■ DATASET ENTRIES:
★ ★ ★ ★
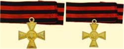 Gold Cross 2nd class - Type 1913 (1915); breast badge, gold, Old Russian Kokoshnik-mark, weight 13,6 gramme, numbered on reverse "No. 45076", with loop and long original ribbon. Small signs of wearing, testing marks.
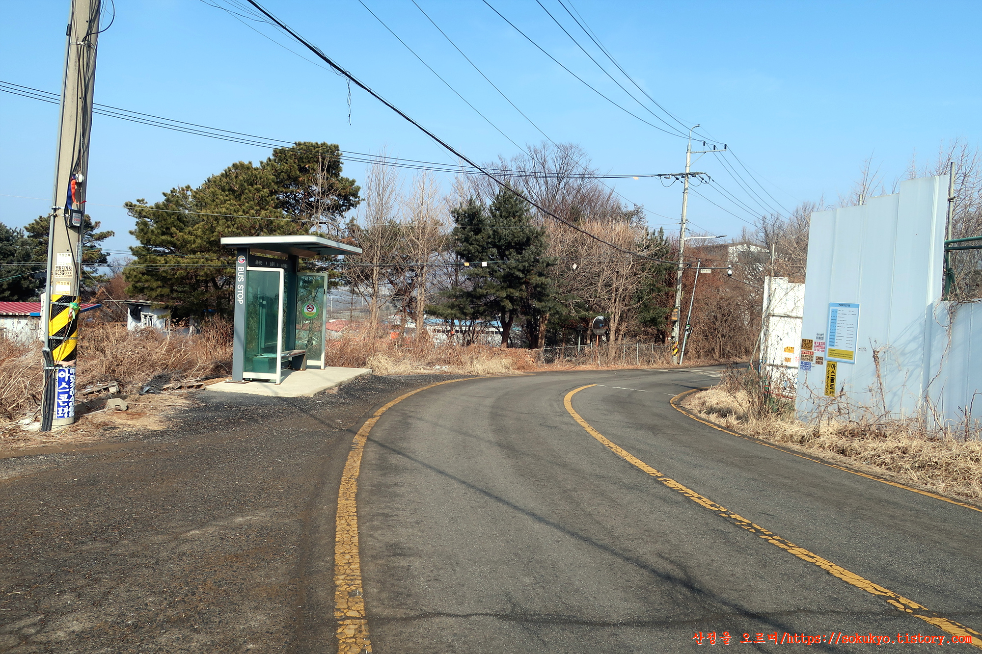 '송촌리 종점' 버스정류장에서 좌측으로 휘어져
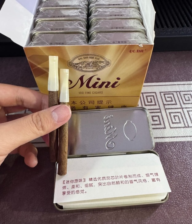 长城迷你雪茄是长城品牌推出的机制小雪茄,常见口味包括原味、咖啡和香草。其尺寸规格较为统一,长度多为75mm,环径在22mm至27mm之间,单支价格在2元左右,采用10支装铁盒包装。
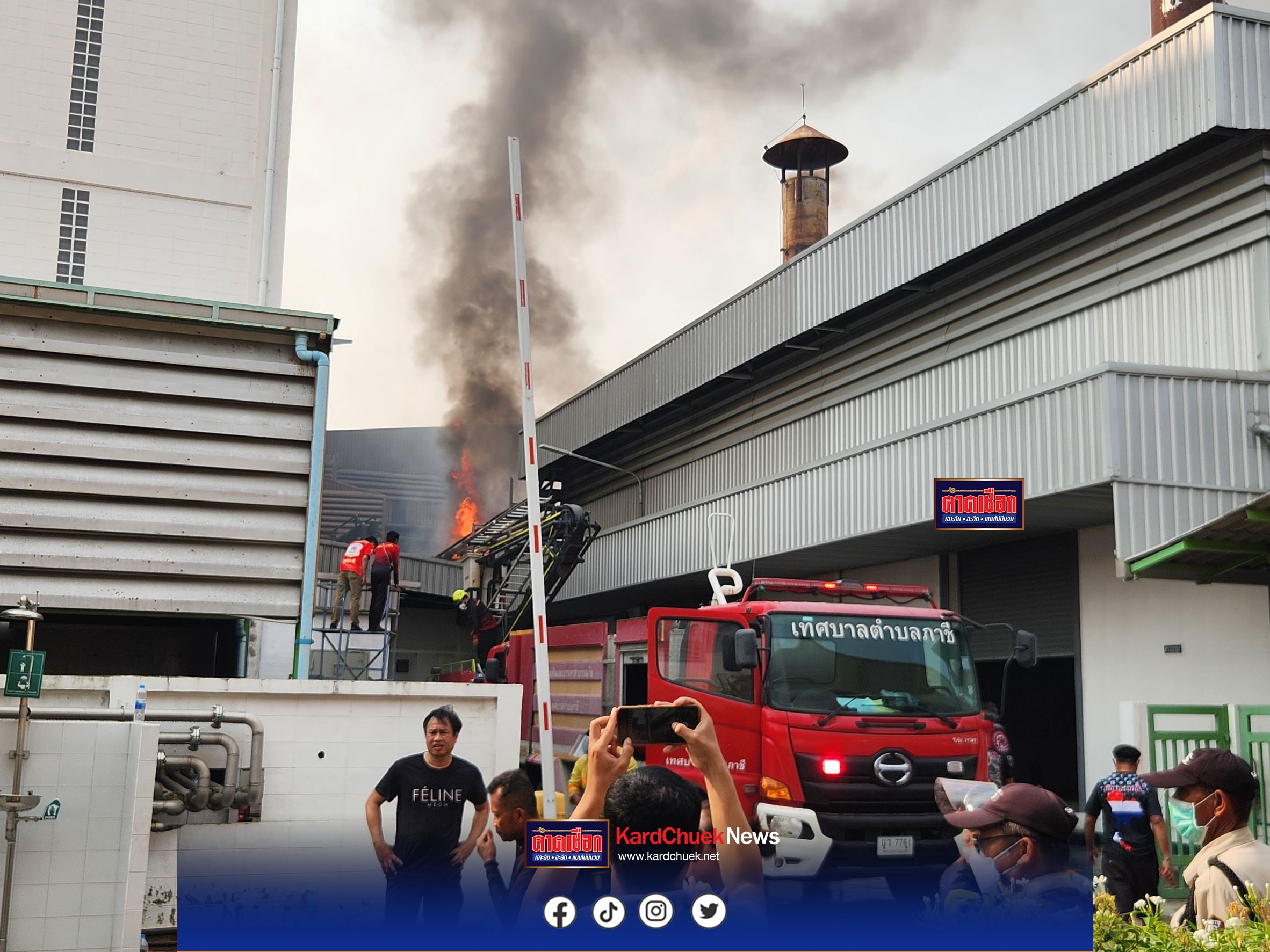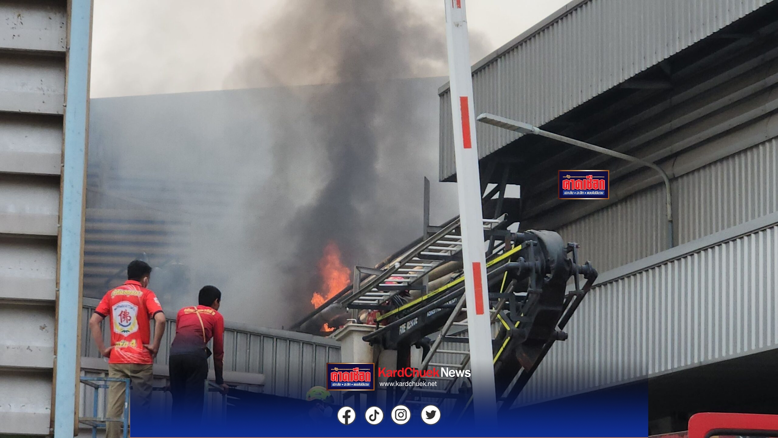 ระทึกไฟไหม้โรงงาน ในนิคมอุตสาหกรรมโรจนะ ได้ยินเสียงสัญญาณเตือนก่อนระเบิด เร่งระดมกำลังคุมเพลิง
★ ★ ★ ★
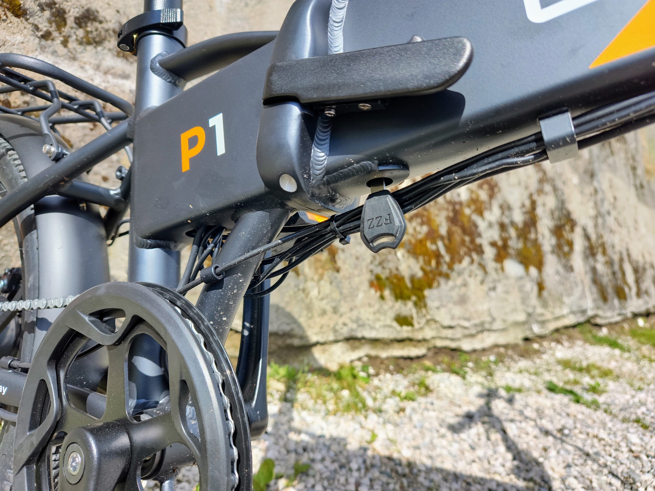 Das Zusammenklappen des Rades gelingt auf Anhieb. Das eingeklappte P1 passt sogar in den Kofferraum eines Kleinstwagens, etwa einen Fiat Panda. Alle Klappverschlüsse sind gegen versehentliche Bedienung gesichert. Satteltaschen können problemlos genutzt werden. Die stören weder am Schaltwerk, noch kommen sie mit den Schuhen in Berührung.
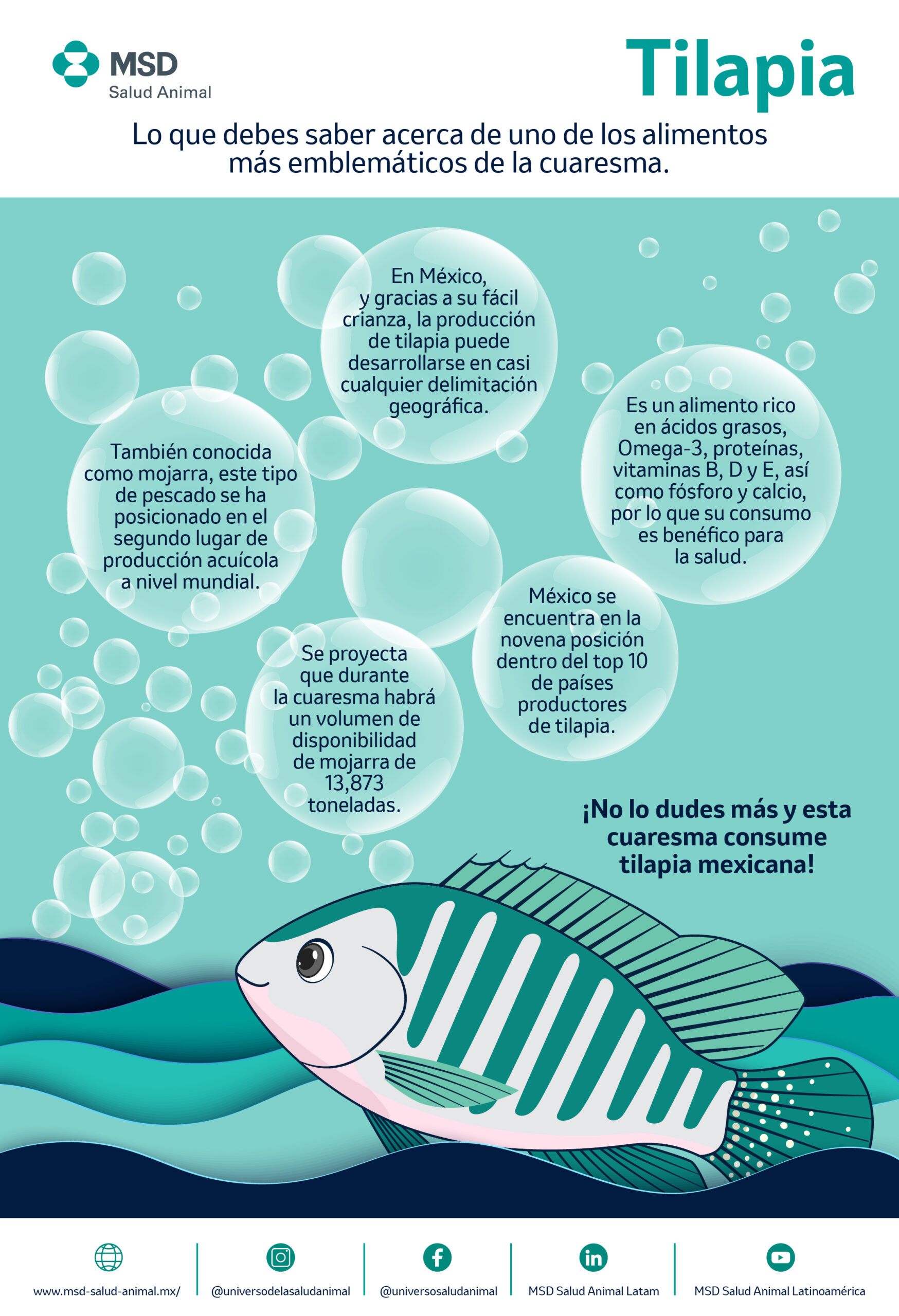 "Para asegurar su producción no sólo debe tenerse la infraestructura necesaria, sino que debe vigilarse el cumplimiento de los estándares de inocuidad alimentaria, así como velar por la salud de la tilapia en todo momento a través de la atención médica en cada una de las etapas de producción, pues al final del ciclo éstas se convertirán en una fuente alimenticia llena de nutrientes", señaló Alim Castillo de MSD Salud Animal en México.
★ ★ ★ ★
■ YOUR ASSIGNMENT: Because only one stretch of the records is wanted, please output the lines from the one holding "Das Zusammenklappen des" through the one holding "Animal en México." exactly, both included, and leave every picture out.

■ REPLY TO THE TASK:
 Das Zusammenklappen des Rades gelingt auf Anhieb. Das eingeklappte P1 passt sogar in den Kofferraum eines Kleinstwagens, etwa einen Fiat Panda. Alle Klappverschlüsse sind gegen versehentliche Bedienung gesichert. Satteltaschen können problemlos genutzt werden. Die stören weder am Schaltwerk, noch kommen sie mit den Schuhen in Berührung.
 "Para asegurar su producción no sólo debe tenerse la infraestructura necesaria, sino que debe vigilarse el cumplimiento de los estándares de inocuidad alimentaria, así como velar por la salud de la tilapia en todo momento a través de la atención médica en cada una de las etapas de producción, pues al final del ciclo éstas se convertirán en una fuente alimenticia llena de nutrientes", señaló Alim Castillo de MSD Salud Animal en México.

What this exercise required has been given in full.